**Action item:** Please, without any pictures, set down exactly the part of the listing below that opens with the line containing "- After the" and closes with the line containing "在开罗围城这个地图中,城市建".

**Records:**
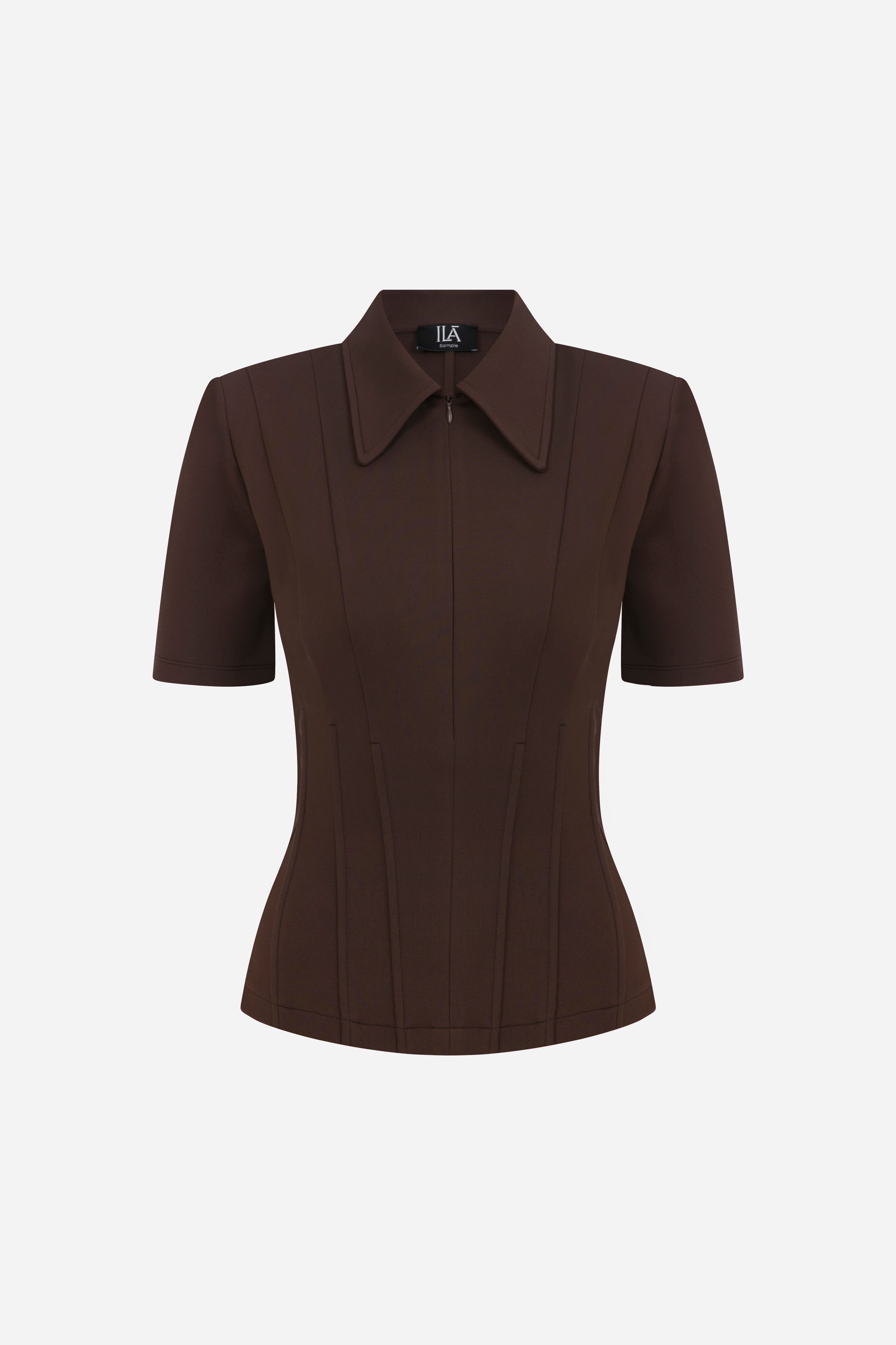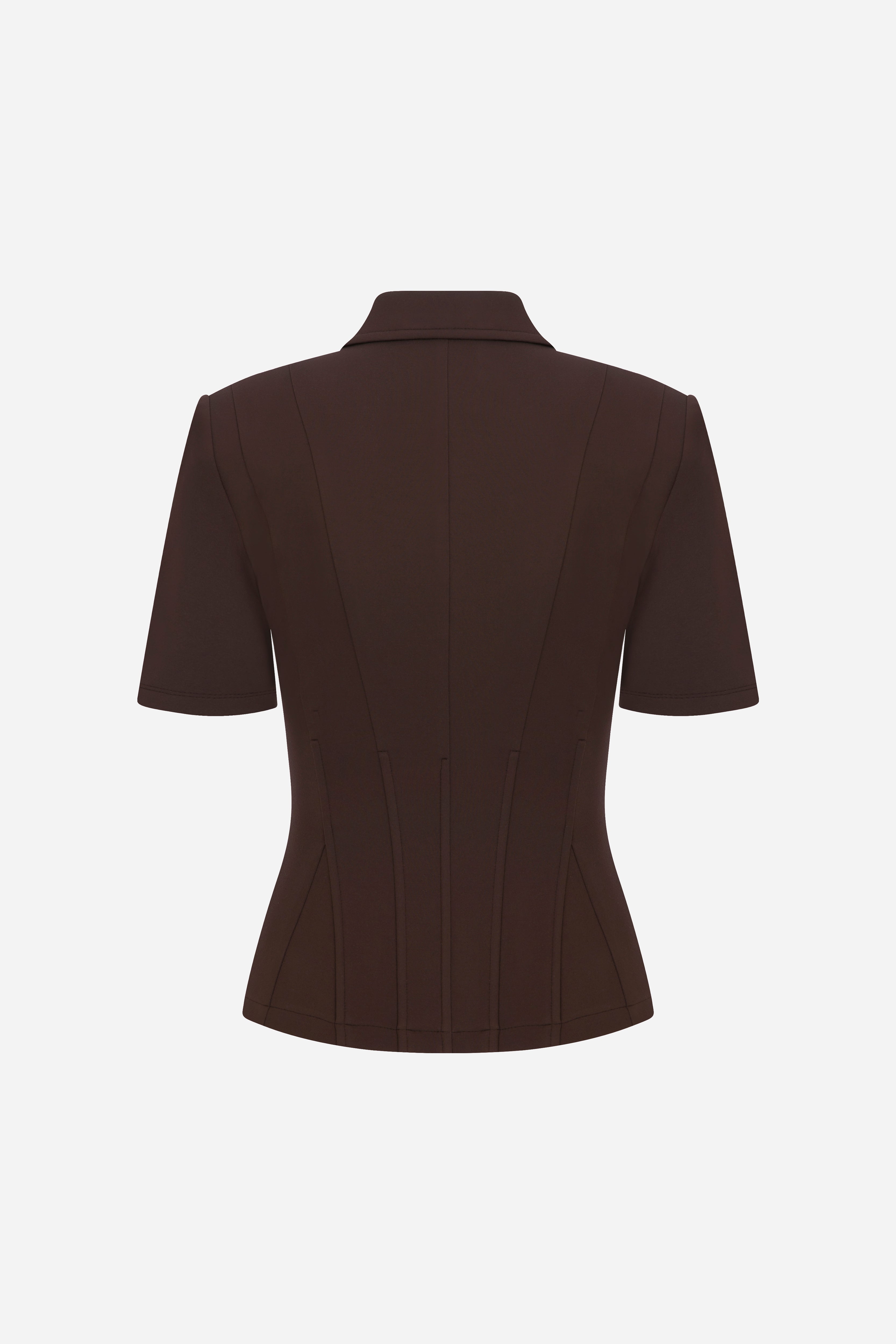 Kate - Polo Neck Corset Detailed T-Shirt in Brown
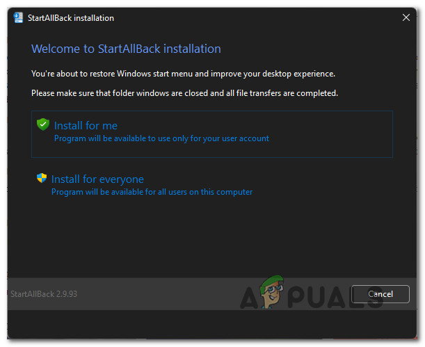 - After the download is complete, double-click on the StartAllBack executable that you’ve just downloaded and click Yes at the User Account Control prompt to grant admin access.
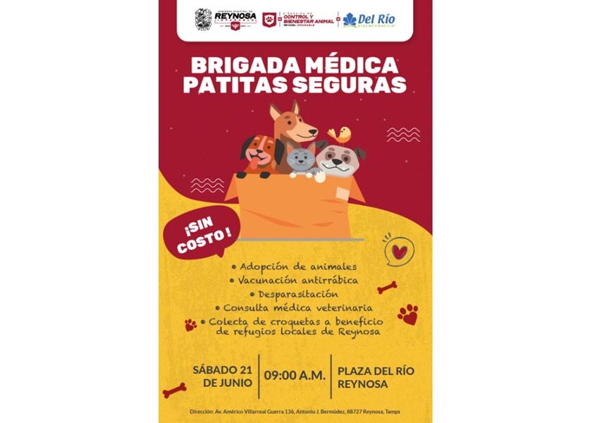 Reynosa, Tam.- La Brigada Patitas Seguras, que impulsa el Presidente Municipal Carlos Peña Ortiz, ofrece servicios médicos veterinarios gratuitos y se llevará a cabo en la plaza comercial Del Río este sábado 21 de junio a partir de las 9:00 de la mañana. Estarán disponibles de forma gratuita servicios de vacunación antirrábica y desparasitación, además contará con animales para adopción;…
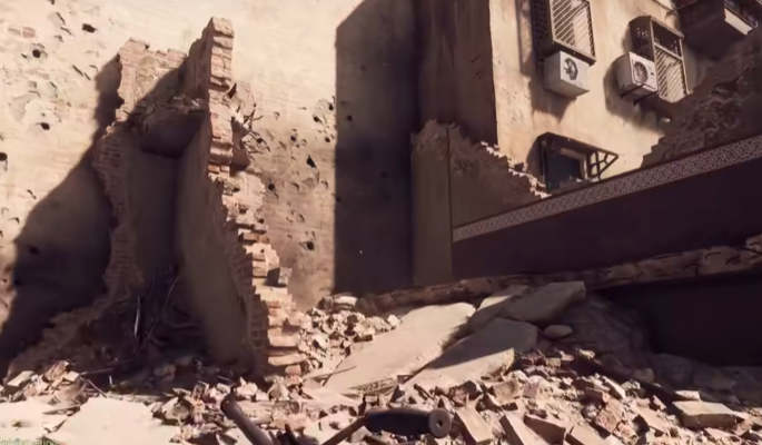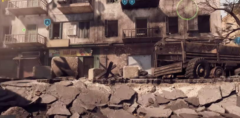 在开罗围城这个地图中,城市建设比较复杂,有很多天线,空调外机,彩钢瓦等供玩家进行攀爬。
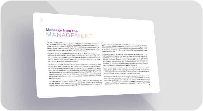Message from the MANAGEMENT Francisco Gomes Neto The year 2022 was marked by overcoming the challenges and uncertainties that have ari- family, as well as in Executive Aviation and the Defense area. Moreover, the diversi昀椀cation sen on several fronts: the war in Ukraine, increased global in昀氀ation, and broad restrictions of business areas helped to compensate for the performance of a speci昀椀c segment. In this on the supply chain. These challenges led us to adjust internal processes throughout the way, the good performance of the Services & Support and Executive Aviation areas, as well year and, thanks to the focus and discipline of the entire team in the accomplishment of our as the increase in deliveries in Commercial Aviation, helped to offset the impact in the strategic plan, we were able to deliver the goals planned for the year. Defense & Security area. Compared to 2021, we increased aircraft delivery by 12.7% – from 141 to 159 Commercial At Commercial Aviation, we announced an additional order for Canada’s Porter Airlines and Executive aircraft in 2022. We also increased revenue by 8.2% to USD 4.5 billion. Ad- for 20 new E195-E2s, in addition to 30 existing 昀椀rm orders. Porter even took delivery of the justed EBIT and EBITDA margin (in USD) exceeded the guidance presented to the market, 昀椀rst E195-E2 jets operating in North America at the end of the year. We also announced an reaching 6.0% and 10.1%. Another highlight was free cash generation without EVE, which order from Azorra, a U.S. aircraft leasing company, for 20 new E2 jets, besides the expansion reached USD 540.1 million, quite above estimates. of our presence in the Middle East, with operator SalamAir from Oman ordering six E2s. The focus on improving business ef昀椀ciency remains a key factor in achieving our goals In addition, the Chinese civil aviation authority has granted certi昀椀cation for our E190-E2, and delivering better margins, even with supply chain constraints. Throughout the year, opening the doors of the relevant Chinese market for the E2 family. we implemented several mitigation measures, such as creating a special team to operate Executive Aviation presented another year with outstanding results, with the delivery of 102 within the main suppliers’ plants, developing alternative logistics routes, and improving aircraft, “book-to-bill2” above 1.8:1, and a higher gross margin than in the previous year. As internal processes to reduce production cycles. Also noteworthy are the efforts for con- a re昀氀ection of the good momentum of the business unit, Phenom 300 was voted for the 11th tinuous improvement of operational ef昀椀ciency, such as inventory turnover management, consecutive year as the world’s best-selling business jet in the industry. restructuring of selection and procurement processes, and ongoing improvement of pro- In Defense, we faced dif昀椀culties such as contract renegotiation and other factors that re- duction processes. sulted in a 25% decrease in segment revenue. However, we are optimistic for 2023 as the The sales growth of our current product portfolio also excites us for the coming years. The current geopolitical scenario continues to in昀氀uence countries around the world to review backlog returned to the pre-pandemic level, reaching USD 17.5 billion. There are several their plans and renew their armed forces. The main highlight of the year was the selection ongoing sales campaigns that are progressing, both in Commercial Aviation, mainly the E2 of C-390 Millennium by the Dutch Ministry of Defense as the only aircraft that meets the

**Output for this exercise:**
 - After the download is complete, double-click on the StartAllBack executable that you’ve just downloaded and click Yes at the User Account Control prompt to grant admin access.
 Reynosa, Tam.- La Brigada Patitas Seguras, que impulsa el Presidente Municipal Carlos Peña Ortiz, ofrece servicios médicos veterinarios gratuitos y se llevará a cabo en la plaza comercial Del Río este sábado 21 de junio a partir de las 9:00 de la mañana. Estarán disponibles de forma gratuita servicios de vacunación antirrábica y desparasitación, además contará con animales para adopción;…
 在开罗围城这个地图中,城市建设比较复杂,有很多天线,空调外机,彩钢瓦等供玩家进行攀爬。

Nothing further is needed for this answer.